[Data extracted from a collection]
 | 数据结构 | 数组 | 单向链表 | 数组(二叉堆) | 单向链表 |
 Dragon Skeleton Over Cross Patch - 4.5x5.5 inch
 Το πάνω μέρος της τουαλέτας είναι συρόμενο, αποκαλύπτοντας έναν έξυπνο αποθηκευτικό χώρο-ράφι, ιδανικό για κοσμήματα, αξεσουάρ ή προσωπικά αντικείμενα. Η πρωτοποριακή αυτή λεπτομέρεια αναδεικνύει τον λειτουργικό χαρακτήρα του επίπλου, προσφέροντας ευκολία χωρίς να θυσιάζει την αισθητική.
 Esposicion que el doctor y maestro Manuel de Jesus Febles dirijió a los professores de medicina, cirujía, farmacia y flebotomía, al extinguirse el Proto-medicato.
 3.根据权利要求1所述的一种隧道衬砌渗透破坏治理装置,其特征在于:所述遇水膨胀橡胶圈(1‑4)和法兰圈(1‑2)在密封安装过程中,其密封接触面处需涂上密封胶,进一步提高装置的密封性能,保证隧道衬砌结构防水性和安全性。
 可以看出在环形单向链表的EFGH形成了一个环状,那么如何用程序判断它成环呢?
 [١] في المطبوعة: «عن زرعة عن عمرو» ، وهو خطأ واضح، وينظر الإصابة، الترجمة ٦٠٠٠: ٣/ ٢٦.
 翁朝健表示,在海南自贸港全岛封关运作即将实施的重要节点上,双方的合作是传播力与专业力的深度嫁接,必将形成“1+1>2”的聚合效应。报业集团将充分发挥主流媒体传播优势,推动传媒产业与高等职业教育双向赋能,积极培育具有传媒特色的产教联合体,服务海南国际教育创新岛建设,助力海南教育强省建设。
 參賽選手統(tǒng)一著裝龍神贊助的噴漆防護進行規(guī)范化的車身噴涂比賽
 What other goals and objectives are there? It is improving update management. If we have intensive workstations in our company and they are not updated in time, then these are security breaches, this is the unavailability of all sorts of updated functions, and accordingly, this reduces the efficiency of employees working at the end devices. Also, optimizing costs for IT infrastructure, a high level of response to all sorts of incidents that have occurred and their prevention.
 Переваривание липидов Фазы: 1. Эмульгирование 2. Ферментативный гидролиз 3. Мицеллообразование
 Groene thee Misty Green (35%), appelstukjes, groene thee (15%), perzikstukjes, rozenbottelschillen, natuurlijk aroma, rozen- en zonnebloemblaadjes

_Description of the task_. Reproduce each line of the entries above from the one containing "可以看出在环形单向链表的EFGH形成了一个环状,那么如何用程序判断它成环呢?" through the last, exactly, and no other line.

_Solution to the problem_.
 可以看出在环形单向链表的EFGH形成了一个环状,那么如何用程序判断它成环呢?
 [١] في المطبوعة: «عن زرعة عن عمرو» ، وهو خطأ واضح، وينظر الإصابة، الترجمة ٦٠٠٠: ٣/ ٢٦.
 翁朝健表示,在海南自贸港全岛封关运作即将实施的重要节点上,双方的合作是传播力与专业力的深度嫁接,必将形成“1+1>2”的聚合效应。报业集团将充分发挥主流媒体传播优势,推动传媒产业与高等职业教育双向赋能,积极培育具有传媒特色的产教联合体,服务海南国际教育创新岛建设,助力海南教育强省建设。
 參賽選手統(tǒng)一著裝龍神贊助的噴漆防護進行規(guī)范化的車身噴涂比賽
 What other goals and objectives are there? It is improving update management. If we have intensive workstations in our company and they are not updated in time, then these are security breaches, this is the unavailability of all sorts of updated functions, and accordingly, this reduces the efficiency of employees working at the end devices. Also, optimizing costs for IT infrastructure, a high level of response to all sorts of incidents that have occurred and their prevention.
 Переваривание липидов Фазы: 1. Эмульгирование 2. Ферментативный гидролиз 3. Мицеллообразование
 Groene thee Misty Green (35%), appelstukjes, groene thee (15%), perzikstukjes, rozenbottelschillen, natuurlijk aroma, rozen- en zonnebloemblaadjes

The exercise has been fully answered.